---- Study material
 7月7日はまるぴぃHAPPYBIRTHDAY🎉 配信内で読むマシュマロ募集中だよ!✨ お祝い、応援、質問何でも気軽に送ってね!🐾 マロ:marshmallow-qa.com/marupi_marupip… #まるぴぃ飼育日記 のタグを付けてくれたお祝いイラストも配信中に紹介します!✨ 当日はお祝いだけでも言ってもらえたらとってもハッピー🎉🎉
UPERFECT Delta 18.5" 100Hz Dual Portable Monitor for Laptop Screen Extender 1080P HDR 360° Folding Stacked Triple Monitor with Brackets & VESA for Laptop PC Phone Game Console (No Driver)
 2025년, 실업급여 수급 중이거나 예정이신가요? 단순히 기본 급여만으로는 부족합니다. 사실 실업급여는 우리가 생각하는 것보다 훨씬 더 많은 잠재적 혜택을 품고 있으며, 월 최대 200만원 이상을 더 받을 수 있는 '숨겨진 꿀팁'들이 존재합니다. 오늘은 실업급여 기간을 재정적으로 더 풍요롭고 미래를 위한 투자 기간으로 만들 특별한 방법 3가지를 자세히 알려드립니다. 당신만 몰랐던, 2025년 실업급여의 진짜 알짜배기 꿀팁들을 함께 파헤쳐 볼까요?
--------
---- Study material
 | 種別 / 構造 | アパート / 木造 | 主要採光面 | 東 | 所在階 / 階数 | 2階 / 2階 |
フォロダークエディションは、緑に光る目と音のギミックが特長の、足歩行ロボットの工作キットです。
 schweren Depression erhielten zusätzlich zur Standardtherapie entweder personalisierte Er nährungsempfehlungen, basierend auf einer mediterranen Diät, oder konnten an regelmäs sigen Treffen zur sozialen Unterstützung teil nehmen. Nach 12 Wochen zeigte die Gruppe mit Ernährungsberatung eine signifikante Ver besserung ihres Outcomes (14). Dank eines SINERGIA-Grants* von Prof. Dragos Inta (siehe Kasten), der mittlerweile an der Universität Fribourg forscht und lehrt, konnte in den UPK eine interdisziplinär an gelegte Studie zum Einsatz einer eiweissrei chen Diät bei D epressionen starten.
--------
---- Study material
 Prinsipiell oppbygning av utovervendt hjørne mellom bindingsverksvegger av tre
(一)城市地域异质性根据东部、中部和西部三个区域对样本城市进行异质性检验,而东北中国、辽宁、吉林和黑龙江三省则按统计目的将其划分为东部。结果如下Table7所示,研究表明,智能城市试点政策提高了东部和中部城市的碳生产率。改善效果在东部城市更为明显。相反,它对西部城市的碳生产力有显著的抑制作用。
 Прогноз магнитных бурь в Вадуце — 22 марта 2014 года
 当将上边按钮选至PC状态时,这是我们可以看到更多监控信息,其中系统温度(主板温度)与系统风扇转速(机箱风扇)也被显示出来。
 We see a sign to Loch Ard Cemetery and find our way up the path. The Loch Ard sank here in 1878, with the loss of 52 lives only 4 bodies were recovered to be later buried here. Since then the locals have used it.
--------
▶ _Problem requirements_: Precisely the lines between those holding "当将上边按钮选至PC状态时,这是我们可以" and "We see a sign", inclusive, are to be reproduced from the listing above, with nothing added.

▶ _Answer to this problem_:
 当将上边按钮选至PC状态时,这是我们可以看到更多监控信息,其中系统温度(主板温度)与系统风扇转速(机箱风扇)也被显示出来。
 We see a sign to Loch Ard Cemetery and find our way up the path. The Loch Ard sank here in 1878, with the loss of 52 lives only 4 bodies were recovered to be later buried here. Since then the locals have used it.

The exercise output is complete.